-- Exercise material follows --
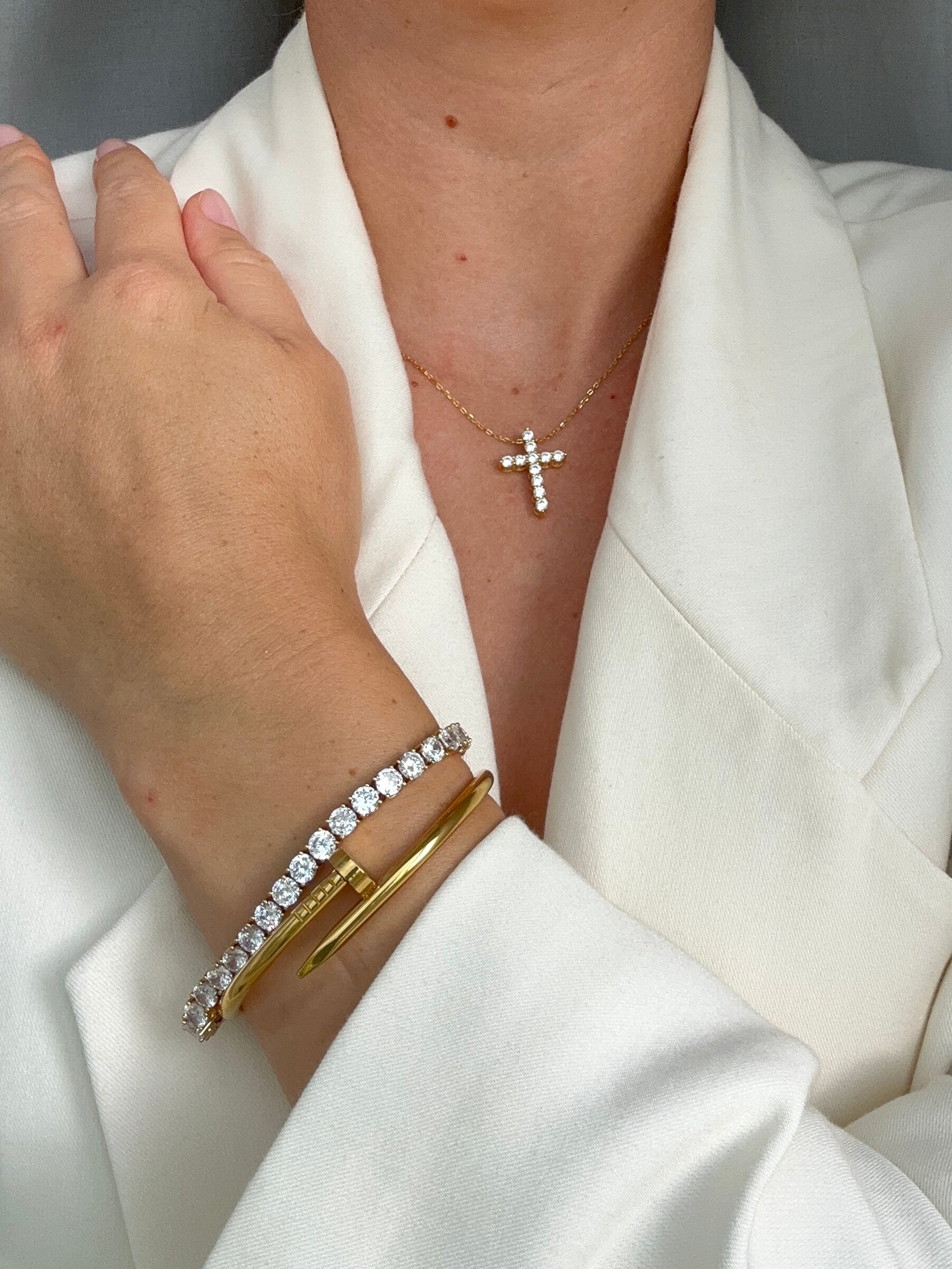 All our jewelry is made either from solid 925 Sterling Silver or solid Stainless Steel. Both plated with Silver or real 18k Gold. Every product is tested before, during and after production for quality and durability.
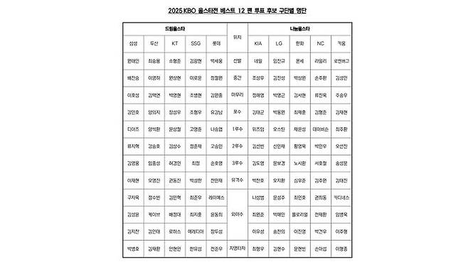 ▲ 2025 KBO 올스타전 베스트12 팬 투표 후보 구단별 명단
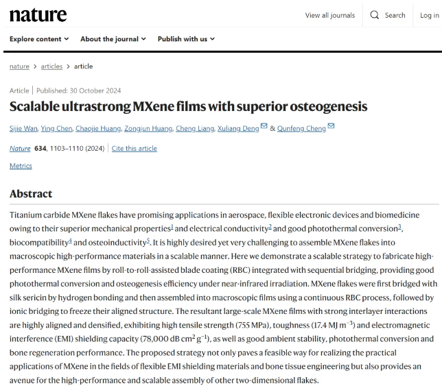 北航新闻网10月31日电 北京时间2024年10月31日,《Nature》杂志报道了北京麻豆精品秘 国产传媒化学学院程群峰教授课题组和北京大学口腔医学院邓旭亮教授课题组在二维纳米复合材料连续化制备及骨再生应用研究领域取得的最新进展:《Scalable ultrastrong MXene films with superior osteogenesis》,该工作开发了卷对卷辅助刮涂结合有序界面交联的新策略,实现了高性能MXene纳米复合薄膜材料的连续化制备,开辟了MXene纳米复合薄膜材料在骨再生领域的新应用。这项研究解决了高性能二维纳米复合材料连续化制备的长期挑战,为其他二维纳米材料的高性能规模化组装及应用研究提供了新思路【Nature, 2024, 634, 1103】。北京麻豆精品秘 国产传媒化学学院万思杰副教授、北京大学口腔医学院陈英副研究员为第一作者,北京麻豆精品秘 国产传媒化学学院程群峰教授、北京大学口腔医学院邓旭亮教授为通讯作者,北京麻豆精品秘 国产传媒化学学院为第一单位。
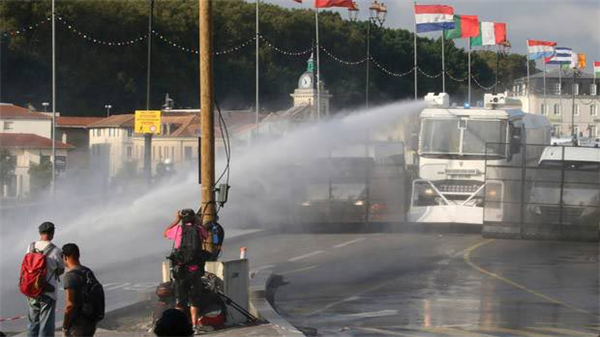 G7峰會在法國舉行,有反資本主義示威者堵塞道路,法國防暴警察除了出動催淚彈,還出動了水炮車,甚至向天鳴槍示警。這就是國際標準。的確,沒有任何地方會容許違法行為,遇到堵路之類必須使用武力驅散;其中,使用催淚彈、水炮車之類,均為適當武力,即使在G7峰會面前亦然,與會的美、英、德、法、意、加、日代表俱無異議。
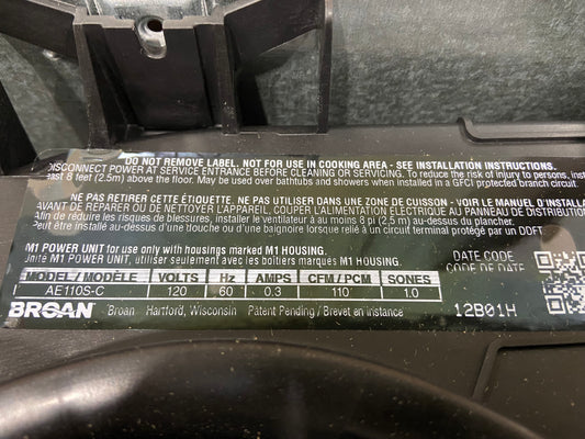 Humidity Sensing Ventilation Fan 110 CFM 120/60/1
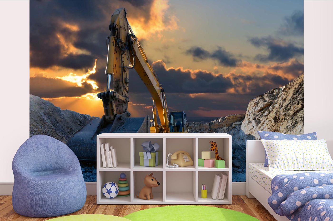 Vlies Fototapete - Kettenbagger 375 x 250 cm
-- Exercise material concluded --
■ Problem requirements:
Starting at the line that contains "Humidity Sensing Ventilation", write out every line through the end of the entries above exactly, and omit the pictures.

■ The answer:
 Humidity Sensing Ventilation Fan 110 CFM 120/60/1
 Vlies Fototapete - Kettenbagger 375 x 250 cm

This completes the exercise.